I'll take a good old-school mechanic over a "factory trained automotive service technician" any day. I've never understood the push to push to change "mechanics" to "technicians". A mechanic is a man who understands machinery, intuitively, professionally, and technically. A technician is a man who can read a flow chart in a factory service manual and find the part where it says "If A does not work, replace unit B".

Of course there are other factors in the US that also contributed to the demise of the machine shops, radiator shops, auto electric shops, etc. Liability is one. If I rebuild some lady's starter, and 5 years from now it fails to start when she gets back from her hike in the Bob Marshall wilderness, so she's forced to hike out to where her cell phone works, but along the way she catches a ride with some guy from Idaho, but he drops her off in Glacier Park, where she walks up the hill to where she can get cell service, but she sees a cute little marmot sitting on a rock so she stops to take its picture, but a grizzly bear sneaks up behind her and eats her, guess who her kids are going to sue?

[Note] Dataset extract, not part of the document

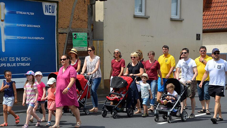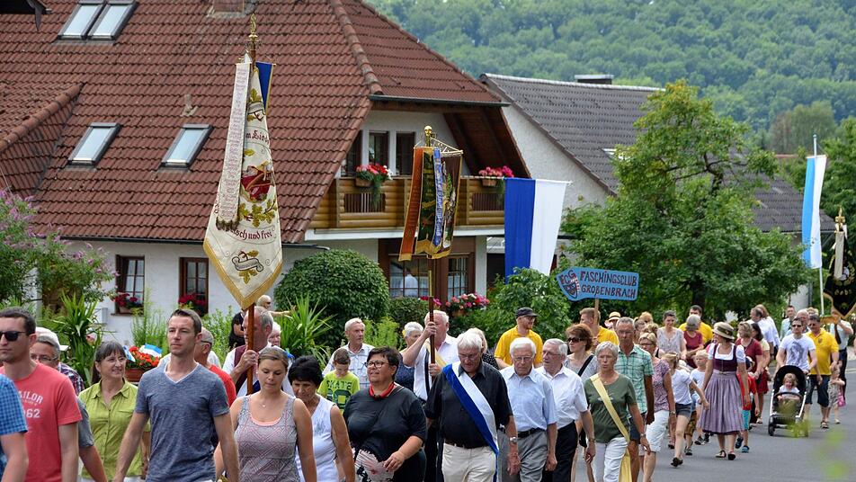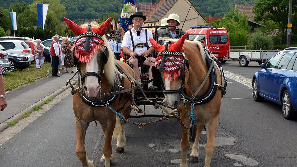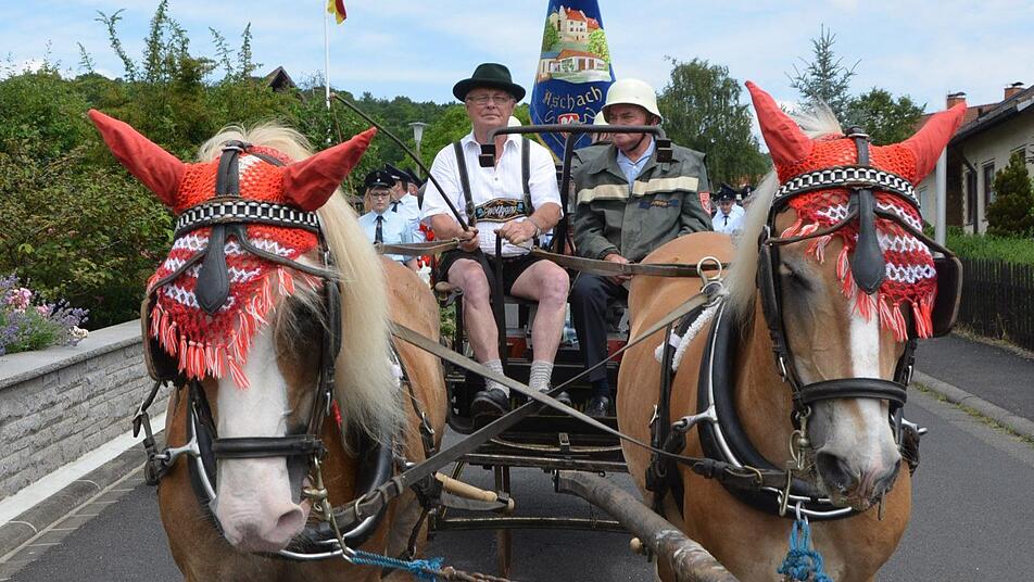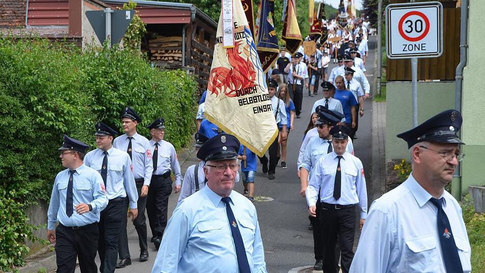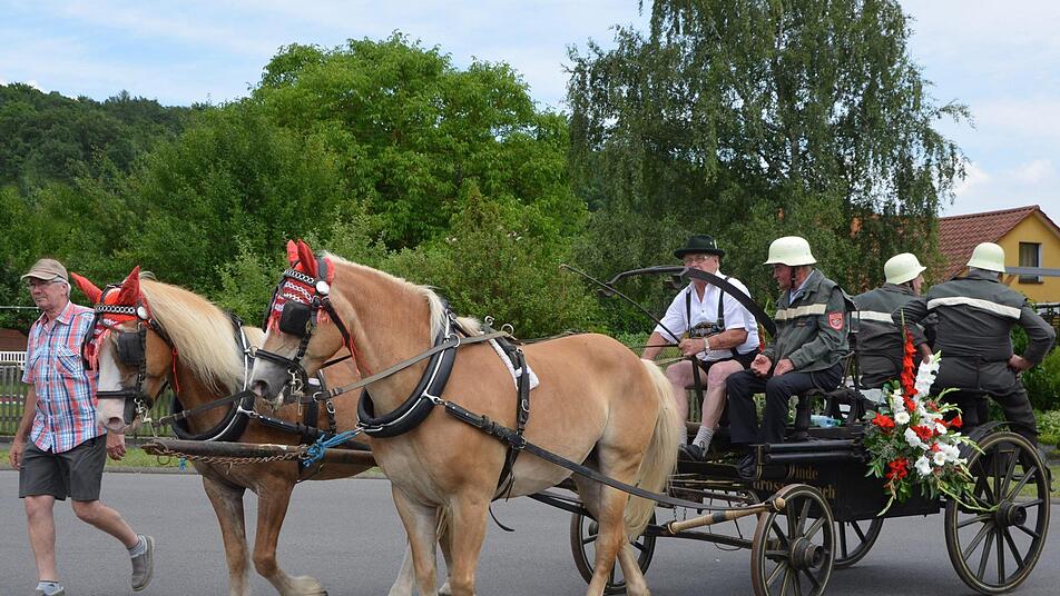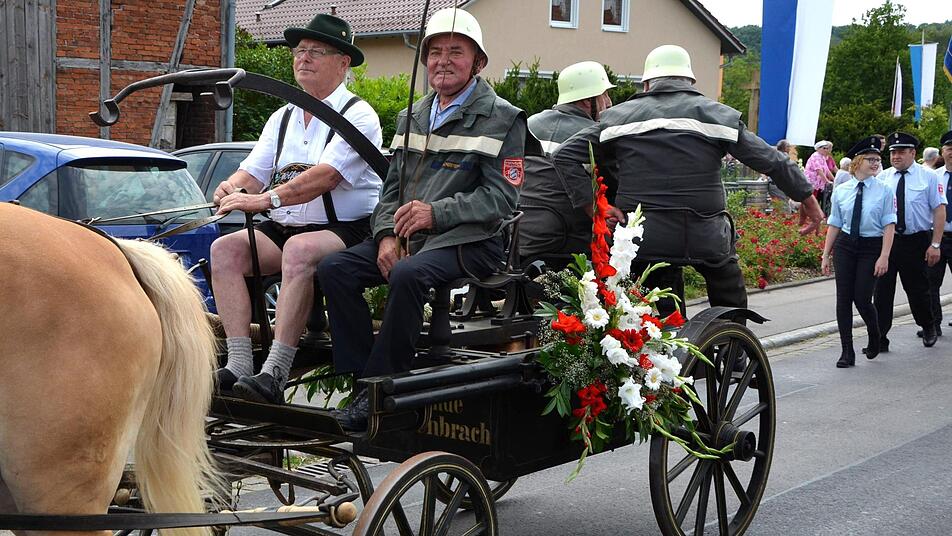 Ihr 140-jähriges Gründungsfest feierte die Freiwillige Feuerwehr Großenbrach am Wochenende nicht nur mit Festbetrieb im Zelt, sondern auch mit einem großen Umzug durch den Bad Bockleter Marktgemeindeteil Großenbrach. Rund 20 Feuerwehren aus der Umgebung, vor allem aber die Ortsvereine, brachten Farbtupfer in den mehrere hundert Meter langen Festzug. Angeführt wurde der Zug von der historischen Handspritze der Großenbracher für die man zwei Zugpferde aus Poppenlauer kommen ließ. Dahiner gleich die Ehrengäste, an ihrer Spitze Bürgermeister Andreas Sandwall, die Kreisbrandinspektion war durch Kreisbrandmeister Steffen Kiesel vertreten. Dazu spielten Musikkapellen.

Or, I decide it would be nice to offer some radiator service on the side so I don't have to order a new one for $500 every time some customer has one with a leak in it, but then I find out that if I want to boil out radiators I need $100K worth of EPA and OSHA approved equipment to keep me and the environment safe, and I have to send the dirty wash water off to the toxic waste dump in barrels at $3000 a pop.

So, yeah, between high wages, declining skills, liability, government regulations, and non-rebuildable designs, I can see why there aren't the real automotive shops in America any more. Still I like the idea of being able to do like clueless and take a pitted driveline yoke to a local shop and have it flame-sprayed and ground (or whatever they do) for less than the cost of a speedi-sleeve.